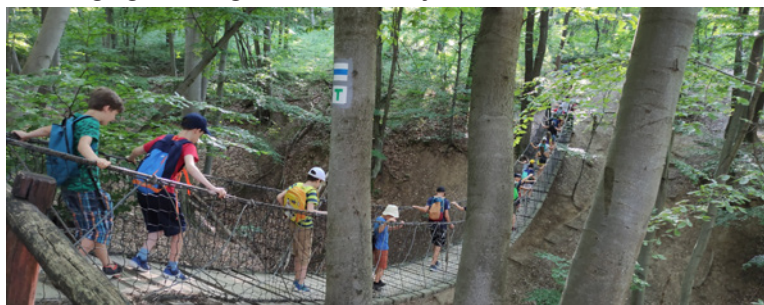
Átkelés a függőhídon

Számítottunk arra, hogy frissek és energikusak lesznek a gyermekek az elején. Őszintén meg kell mondjam, arra viszont nem, hogy az esti séta, majd az elhúzódó elcsendesedés ellenére
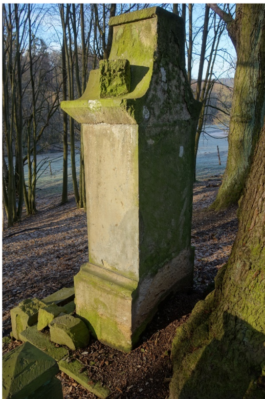
Obr. 3: Pohled levo – zadní. Stav 24.2.2022.
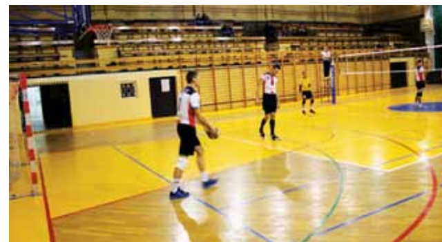
Zawodnik VTŻ przygotowujący się do zagrywki w wyjazdowym meczu z Siatkarzami Drużbice, zakończonym wygraną gospodarzy 3:2.
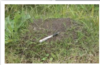
ヒアリが作る大きなアリ塚
========================================================================
What you should do ▸
Please transcribe exactly the lines from the one containing "Obr. 3: Pohled levo – zadní. Stav 24.2.2022." through the last line of the records above, both included, and leave out every picture.

Result for this exercise ▸
Obr. 3: Pohled levo – zadní. Stav 24.2.2022.
Zawodnik VTŻ przygotowujący się do zagrywki w wyjazdowym meczu z Siatkarzami Drużbice, zakończonym wygraną gospodarzy 3:2.
ヒアリが作る大きなアリ塚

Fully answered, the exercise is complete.